### Provided entries:

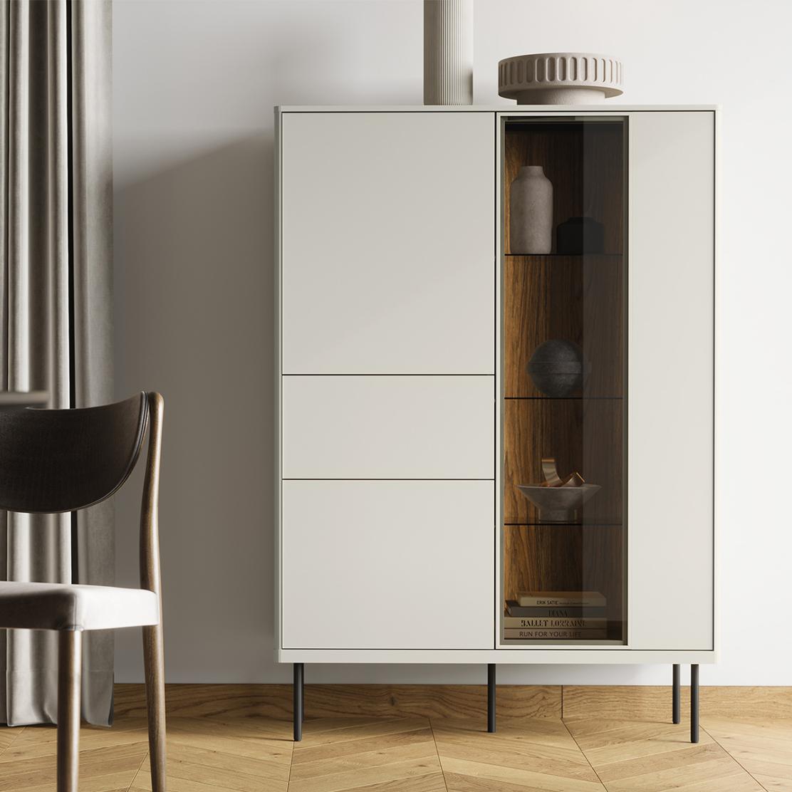 Цветовата комбинация от кашмир и тъмен дъб внася усещане за топлина, хармония и стил, което прави витрината чудесен акцент за всяка дневна, трапезария или офис.
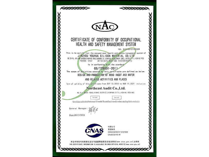 职业健康安全管理体系认证证书(中文)
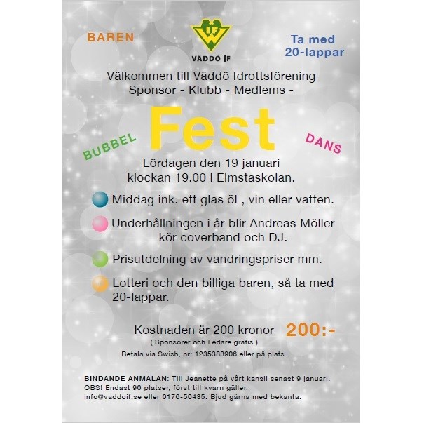 19 januari. Kom ihåg att ringa eller skicka din anmälan. Sista anmälningdag är den 9 januari. VÄDDÖ IF 13 dec 2018 0kommentarer
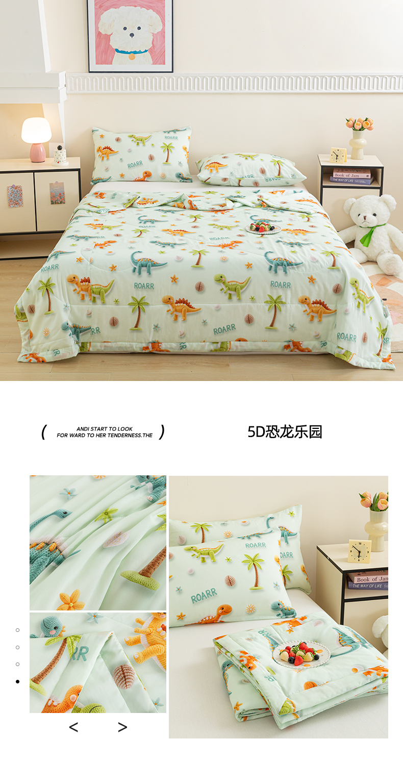 天瑜家纺 2025新款5D印花棉绸卡通夏被 5D桔色小熊
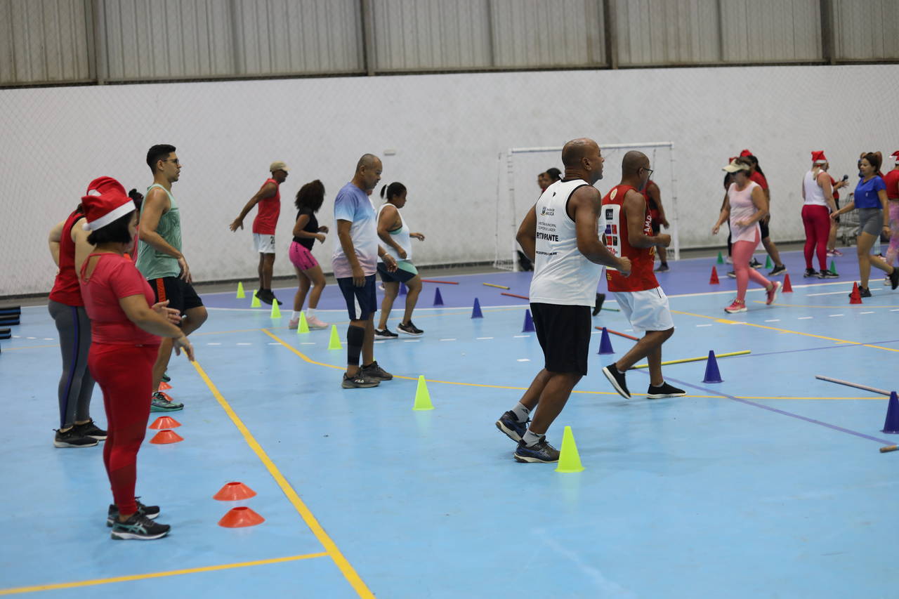 Aproveitando a magia do Natal, um aulão temático animou a Estação Cidadania-Esporte, em Nova Brasília, na manhã desta sexta-feira (19). Em um momento de atividades, os alunos praticaram aulas de ritmos e circuitos, promovendo o bem-estar e saúde. A iniciativa, realizada pela Secretaria Municipal de Esporte e Lazer (Semesp), também será realizada às 17 horas, no mesmo local.
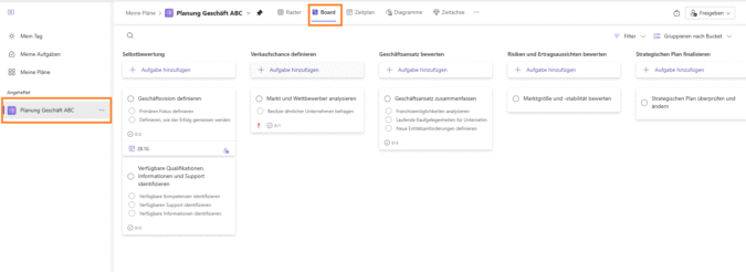 Das Abhaken der Einzelschritte sowie der Aufgabe kann einfach in der Übersicht erfolgen. Dort können Sie auch über weitere Aufgaben sowie ganz rechts weitere Buckets für Ihren Plan anlegen.
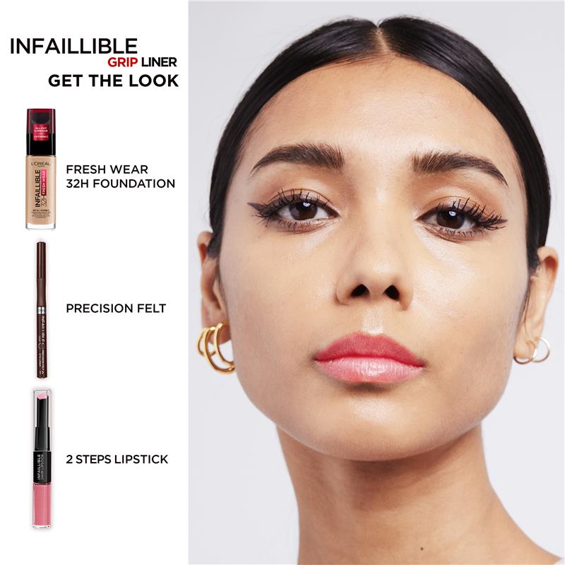 General Information Line your eyes with Infaillible 27H Grip Precision Felt Liner by L'Oreal Paris. This waterproof eyeliner provides you with the following features: >> 0.4mm soft felt tip for easy precision and application >> High intensity eyeliner available in two colours, >> Easy grip zone for smooth and precise application >> 27h long lasting, transfer-proof, waterproof, smudge-proof In one steady stroke, the L'Oreal Paris Infallible Grip Precision Felt liquid liner enhances your eye look with its 0.4mm precise tip. Providing bold and saturated strokes, this accurate, thin eyeliner guarantees maximum control thanks to its grip zone. An eyeliner makeup with 27h Infaillible wear, that is waterproof, smudge-proof, transfer-proof. Size: 1 Unit KEY FEATURES • Precise application • High intensity colour • 27H long lasting • Transfer Proof

### Work instruction:
The answer should contain only the lines from the beginning of the material above through the line with "Aproveitando a magia", retyped exactly, with the pictures removed.

### Solution:
 Цветовата комбинация от кашмир и тъмен дъб внася усещане за топлина, хармония и стил, което прави витрината чудесен акцент за всяка дневна, трапезария или офис.
 职业健康安全管理体系认证证书(中文)
 19 januari. Kom ihåg att ringa eller skicka din anmälan. Sista anmälningdag är den 9 januari. VÄDDÖ IF 13 dec 2018 0kommentarer
 天瑜家纺 2025新款5D印花棉绸卡通夏被 5D桔色小熊
 Aproveitando a magia do Natal, um aulão temático animou a Estação Cidadania-Esporte, em Nova Brasília, na manhã desta sexta-feira (19). Em um momento de atividades, os alunos praticaram aulas de ritmos e circuitos, promovendo o bem-estar e saúde. A iniciativa, realizada pela Secretaria Municipal de Esporte e Lazer (Semesp), também será realizada às 17 horas, no mesmo local.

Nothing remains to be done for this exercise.